Aspiration Syndromes


Aspiration Syndromes

Aspiration of material that is foreign to the lower airway produces a varied clinical spectrum ranging from an asymptomatic condition to acute life-threatening events, such as occur with massive aspiration of gastric contents or hydrocarbon products. Other chapters discuss mechanical obstruction of large- or intermediate-size airways as occurs with foreign bodies (see Chapter 414 ) and infectious complications of aspiration and recurrent microaspiration (see Chapter 426 ), such as may occur with gastroesophageal reflux (see Chapter 349.1 ) or dysphagia (see Chapter 332 ). Occult aspiration of nasopharyngeal secretions into the lower respiratory tract is a normal event in healthy people, usually without apparent clinical significance.

Gastric Contents

Aspiration of substantial amounts of gastric contents typically occurs in the context of vomiting. It is an infrequent complication of general anesthesia, gastroenteritis, or altered level of consciousness.
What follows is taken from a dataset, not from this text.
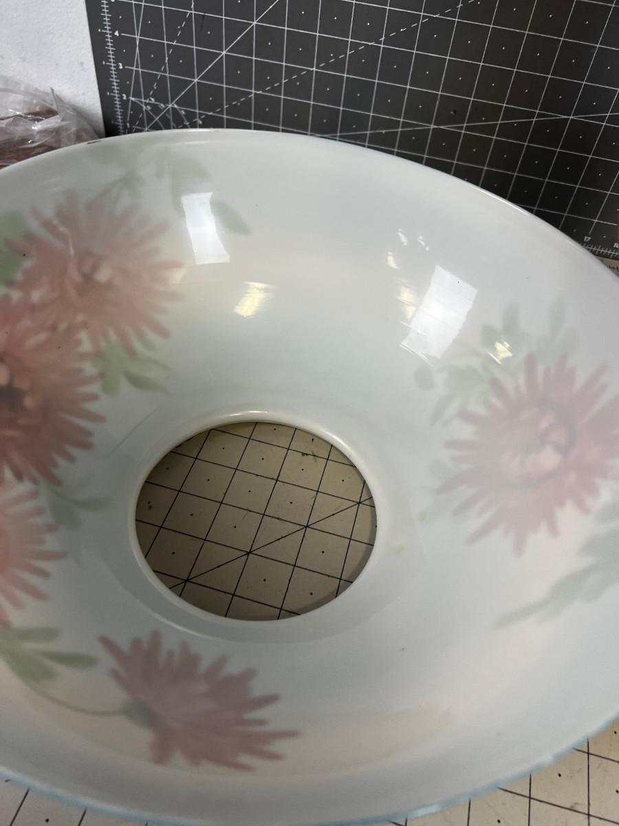 Aladdin, Hand Painted Shade! Appears to be in Working Condition. Hand Painted Shade. Mauve and Light Blue Glass in Good Condition. The Real Deal - Pretty!

Among 63,180 pediatric patients undergoing general anesthesia, 24 cases of aspiration occurred, but symptoms developed in only 9. Pathophysiologic consequences can vary, depending primarily on the pH and volume of the aspirate and the amount of particulate material. Increased clinical severity is noted with volumes greater than approximately 0.8 mL/kg and/or pH < 2.5. Hypoxemia, hemorrhagic pneumonitis, atelectasis, intravascular fluid shifts, and pulmonary edema all occur rapidly after massive aspiration. These occur earlier, become more severe, and last longer with acid aspiration. Most clinical changes are present within minutes to 1-2 hr after the aspiration event. In the next 24-48 hr, there is a marked increase in lung parenchymal neutrophil infiltrations, mucosal sloughing, and alveolar consolidation that often correlates with increasing infiltrates on chest radiographs. These changes tend to occur significantly later and are more prolonged after aspiration of particulate material. Although infection usually does not have a role in initial lung injury after aspiration of gastric contents, aspiration may impair pulmonary defenses, predisposing the patient to secondary bacterial pneumonia. In the patient who has shown clinical improvement but then demonstrates clinical worsening, especially with fever and leukocytosis, secondary bacterial pneumonia should be suspected.